Where Leaders Should Place Their Bets Now
- Build AI infrastructure before chasing autonomy. Governance, observability, memory and evaluation systems will determine long-term success.
- Prepare for dramatically lower AI costs. Business models based on current inference economics may quickly become outdated.
- Own your AI harness, not just your model. Data, evaluation frameworks and portability create sustainable advantages.
- Treat agent security as a strategic priority. AI-native trust and governance layers will become essential infrastructure.
- Invest in operational intelligence. Predictive forecasting and supply-chain optimization may deliver greater ROI than generative creativity.
- Expect agents to augment teams before replacing them. Productivity gains are likely to outpace workforce displacement.
- Prioritize digital provenance and trust. Verification and content authenticity will become increasingly important as synthetic media expands.
- Focus on applied automation. The greatest value will come from AI systems solving specific business problems.
- Embed AI into execution workflows. Context-aware systems connected to enterprise processes will outperform standalone copilots.
- Measure AI performance relentlessly. Evaluation and verification capabilities will separate successful deployments from failed experiments.
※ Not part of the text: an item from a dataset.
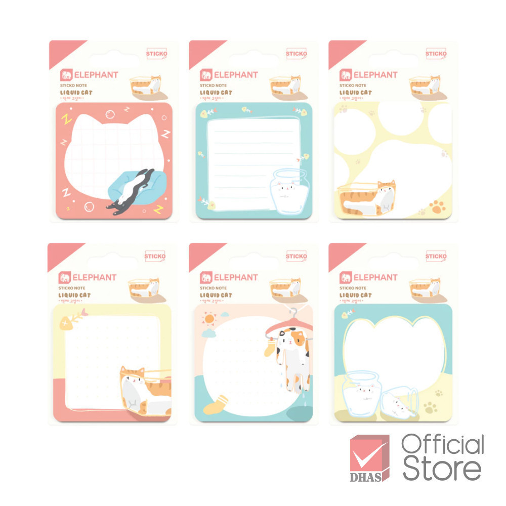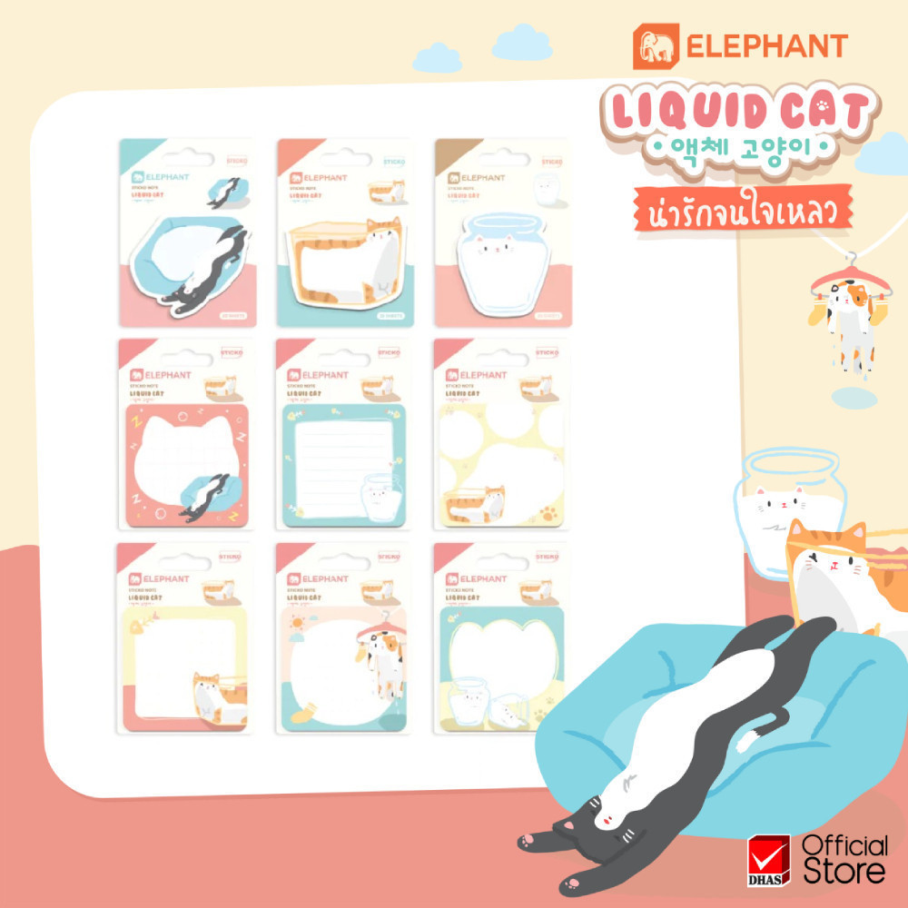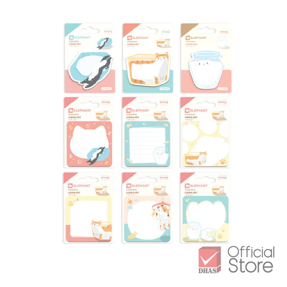Elephant กระดาษโน๊ต กระดาษโน้ตกาวในตัว ลิควิดแคท (คละลาย) จำนวน 20 แผ่น/แพ็ค

Beyond the Hype Cycle: What Really Matters Next
Across industries, the members of the Senior Executive AI Think Tank identify a clear pattern emerging beneath the noise surrounding AI. The technologies likely to create lasting competitive advantage are not necessarily the most visible. Governance, trust, observability, evaluation, provenance, security and workflow integration consistently emerge as the capabilities that will determine enterprise success.
For leaders making investment decisions today, the signal from these perspectives is hard to ignore: The real work is happening beneath the headlines. Competitive advantage is shifting toward the less visible layers—clean data pipelines, reliable evaluation, security controls, observability and workflows that hold up under pressure, not just in demos. Organizations that get serious about operational readiness now will be far better positioned to absorb whatever comes next in AI, regardless of which models or vendors end up leading the market.